Source data:
--------------------

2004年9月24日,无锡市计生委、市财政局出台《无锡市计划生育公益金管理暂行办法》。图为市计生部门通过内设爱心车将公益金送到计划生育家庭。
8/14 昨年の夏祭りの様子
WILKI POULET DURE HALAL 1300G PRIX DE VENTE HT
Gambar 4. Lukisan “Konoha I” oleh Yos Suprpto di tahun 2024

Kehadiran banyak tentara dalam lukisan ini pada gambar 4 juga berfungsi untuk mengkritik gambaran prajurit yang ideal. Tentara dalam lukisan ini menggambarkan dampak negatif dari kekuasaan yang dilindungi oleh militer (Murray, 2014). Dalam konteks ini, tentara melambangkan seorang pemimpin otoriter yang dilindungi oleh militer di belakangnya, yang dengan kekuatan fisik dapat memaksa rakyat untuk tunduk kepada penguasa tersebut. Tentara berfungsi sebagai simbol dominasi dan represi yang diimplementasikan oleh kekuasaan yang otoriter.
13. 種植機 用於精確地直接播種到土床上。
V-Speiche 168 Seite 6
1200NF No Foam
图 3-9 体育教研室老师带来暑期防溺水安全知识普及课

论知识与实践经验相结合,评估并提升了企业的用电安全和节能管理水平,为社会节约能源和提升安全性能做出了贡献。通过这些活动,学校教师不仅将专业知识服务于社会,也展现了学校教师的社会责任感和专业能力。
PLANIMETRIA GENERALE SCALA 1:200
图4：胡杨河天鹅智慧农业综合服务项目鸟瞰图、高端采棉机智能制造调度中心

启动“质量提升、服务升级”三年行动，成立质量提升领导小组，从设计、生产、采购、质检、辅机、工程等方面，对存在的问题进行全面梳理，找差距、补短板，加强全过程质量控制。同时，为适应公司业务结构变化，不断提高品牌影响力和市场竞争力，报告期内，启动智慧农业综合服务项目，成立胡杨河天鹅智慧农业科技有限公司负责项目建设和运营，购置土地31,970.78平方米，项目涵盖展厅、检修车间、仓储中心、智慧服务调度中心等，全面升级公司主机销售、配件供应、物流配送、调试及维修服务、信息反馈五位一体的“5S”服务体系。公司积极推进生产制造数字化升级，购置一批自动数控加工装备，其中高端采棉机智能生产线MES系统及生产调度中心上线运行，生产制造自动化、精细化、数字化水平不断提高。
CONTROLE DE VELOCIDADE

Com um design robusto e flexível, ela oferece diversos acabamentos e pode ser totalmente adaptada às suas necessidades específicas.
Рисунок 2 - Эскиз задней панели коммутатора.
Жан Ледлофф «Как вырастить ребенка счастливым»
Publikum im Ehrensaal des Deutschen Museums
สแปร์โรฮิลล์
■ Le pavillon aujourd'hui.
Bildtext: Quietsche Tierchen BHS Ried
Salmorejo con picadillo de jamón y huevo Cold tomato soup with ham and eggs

--------------------

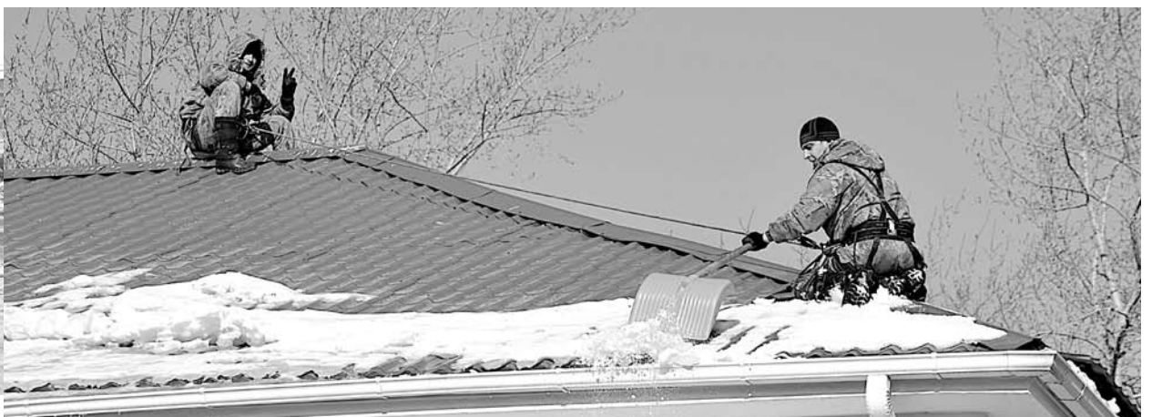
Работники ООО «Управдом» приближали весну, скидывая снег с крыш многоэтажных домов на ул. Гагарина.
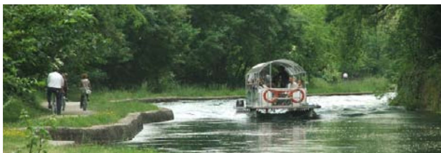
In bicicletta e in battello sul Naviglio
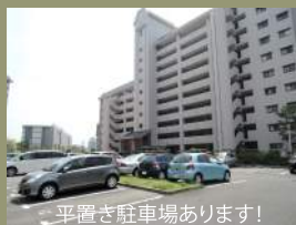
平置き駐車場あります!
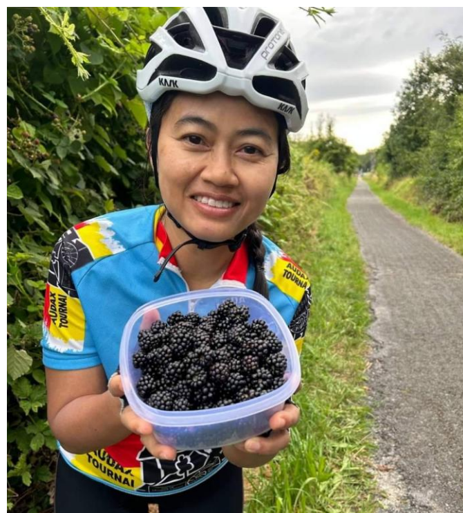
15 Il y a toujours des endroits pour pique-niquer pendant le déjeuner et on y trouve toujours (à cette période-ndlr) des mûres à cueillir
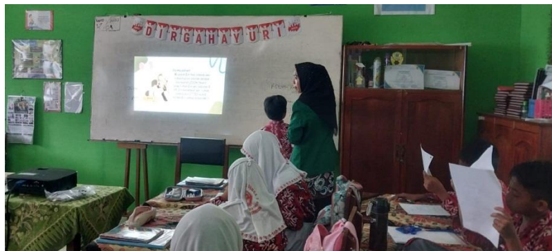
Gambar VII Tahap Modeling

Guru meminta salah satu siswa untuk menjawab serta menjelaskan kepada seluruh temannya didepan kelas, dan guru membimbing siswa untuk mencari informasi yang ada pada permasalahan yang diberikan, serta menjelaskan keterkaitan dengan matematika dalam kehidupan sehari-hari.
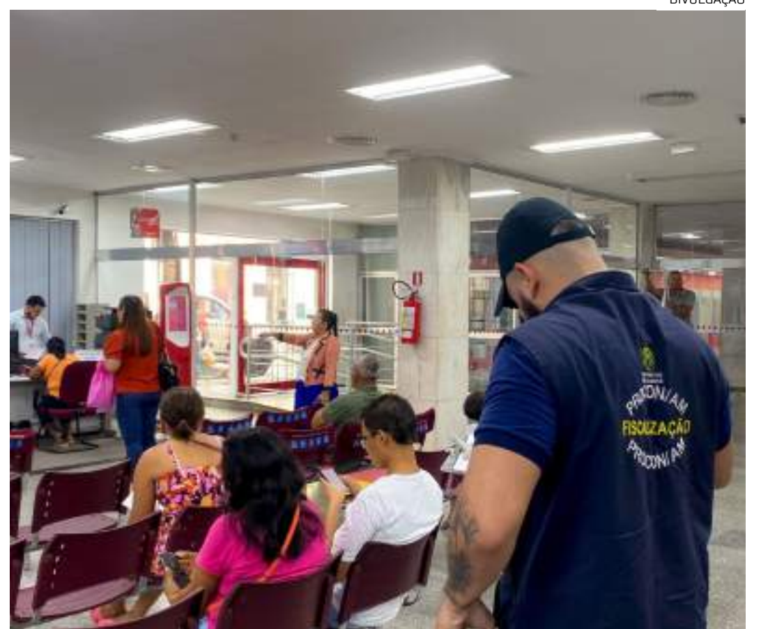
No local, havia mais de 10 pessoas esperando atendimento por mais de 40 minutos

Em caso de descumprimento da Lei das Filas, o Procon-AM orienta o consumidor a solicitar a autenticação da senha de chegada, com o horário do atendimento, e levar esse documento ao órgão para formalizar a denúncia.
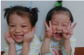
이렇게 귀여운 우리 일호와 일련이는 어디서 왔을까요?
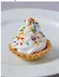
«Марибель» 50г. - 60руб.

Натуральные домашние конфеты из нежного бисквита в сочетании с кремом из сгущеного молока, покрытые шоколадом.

--------------------

*WORK INSTRUCTIONS:* Where a picture appears in the records above, omit it, and transcribe exactly the stretch of lines from the one with "이렇게 귀여운 우리 일호와 일련이는 어디서 왔을까요?" through the one with "Натуральные домашние конфеты".

*COMPLETED EXERCISE:*
이렇게 귀여운 우리 일호와 일련이는 어디서 왔을까요?
«Марибель» 50г. - 60руб.

Натуральные домашние конфеты из нежного бисквита в сочетании с кремом из сгущеного молока, покрытые шоколадом.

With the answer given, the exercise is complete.